Over at Wordmakers – an author community – we are doing an ongoing course on author branding. It’s really valuable and I’m going to run through some of the things as they apply to “Renee Dahlia” (aka me) in this blog.
But first – feeling like a fraud.
Perhaps it’s emotional burnout or perhaps it’s a reflection of the last couple years in my life, but phew, I’m feeling a lot like a fraud at the moment. I’ve published 36 books and I appear to be successful, and yet I still have days were the only books I sell are the three permanently free ones. The last couple of years in my life have been emotionally draining – first with COVID and schooling four children at home, and then with the breakdown of my marriage. I used to escape into my writing, but lately it’s been harder to do that.
Am I a fraud because I write about romance but my own marriage failed?
Am I a fraud because I’m not making a living wage from my books?
Am I a fraud because my social media makes me appear more successful than I am?
The answer to all these things is no. Hell no.
Reality isn’t fiction. Sometimes marriages fail because (redacted). I haven’t achieved a living wage from my books YET – I believe I will be able to do this. Social media is about marketing the best parts of my books. If I don’t believe in them, how can readers?
Author Branding – Finding Your Ideal Reader
- What genre/s do you write?
- What are some common tropes/themes across your books?

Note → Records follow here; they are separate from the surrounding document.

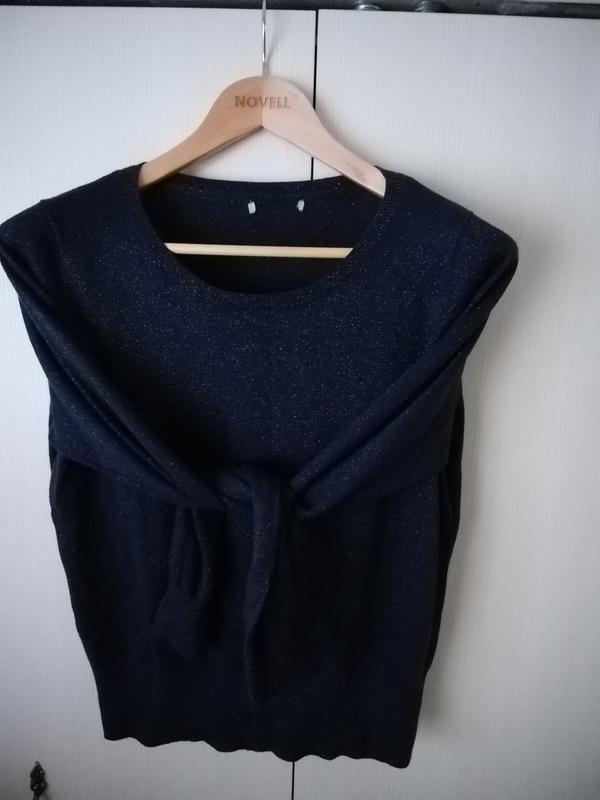 Свитер, темно-синего цвета с едва заметной люрексовой ниткой, смотрится очень красиво. Размер 38-40, дл. 60,ПОГ 55, рукав 64. Немного тянется.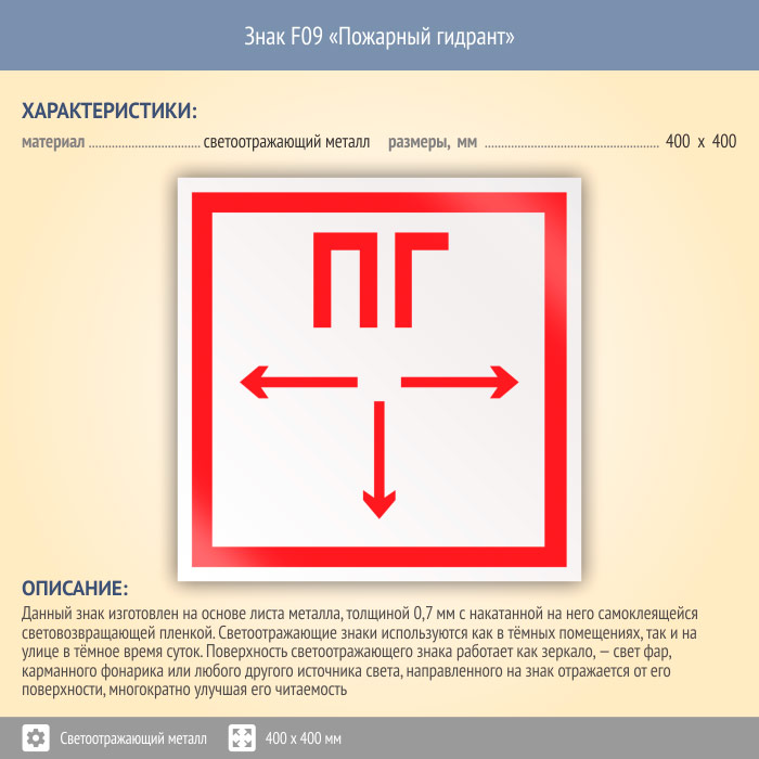 Знак F09 «Пожарный гидрант» (светоотражающий металл, 400х400 мм) в Улан-Удэ купить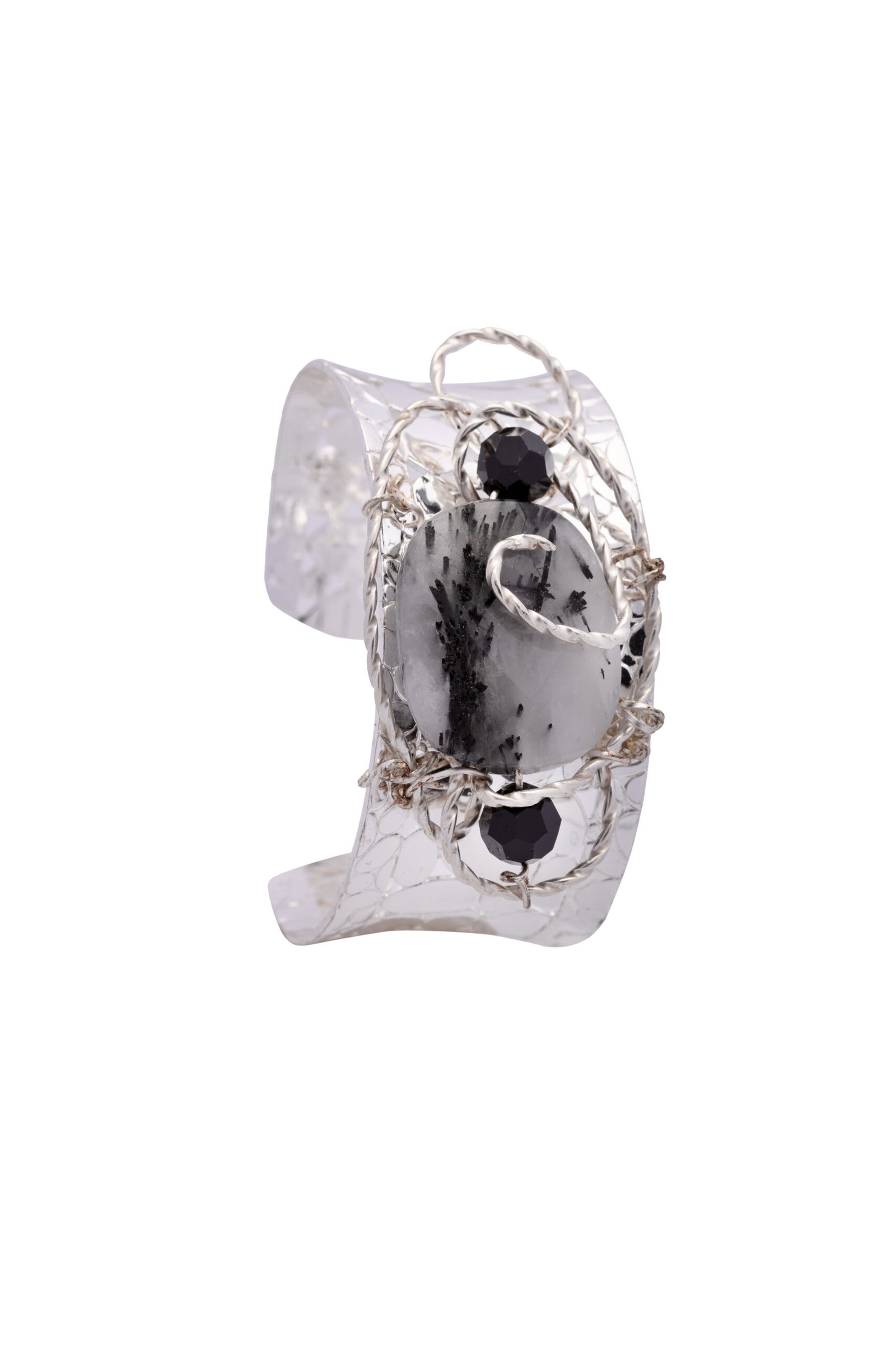 Χειροποίητη ασημένια μανσέτα με κρύσταλλα Swarovski και μαρμαροειδή ημιπολύτιμη πέτρα τυλιγμένη σε περίτεχνο ασημένιο σύρμα.

- What are your core values?
One: I write queer romance, both contemporary and historical, across a range of pairings, sapphic, mm, and books with a hero and heroine (often one or both are bisexual). This isn’t very helpful from a branding point of view because some of my readers will only read sapphic historicals or mf contemporary, for example, while others enjoy my author voice and will read across different subgenres and pairings. I also write racially diverse books because that reflects where I live. The summary is that my books will not appeal to anyone looking for white straight romances.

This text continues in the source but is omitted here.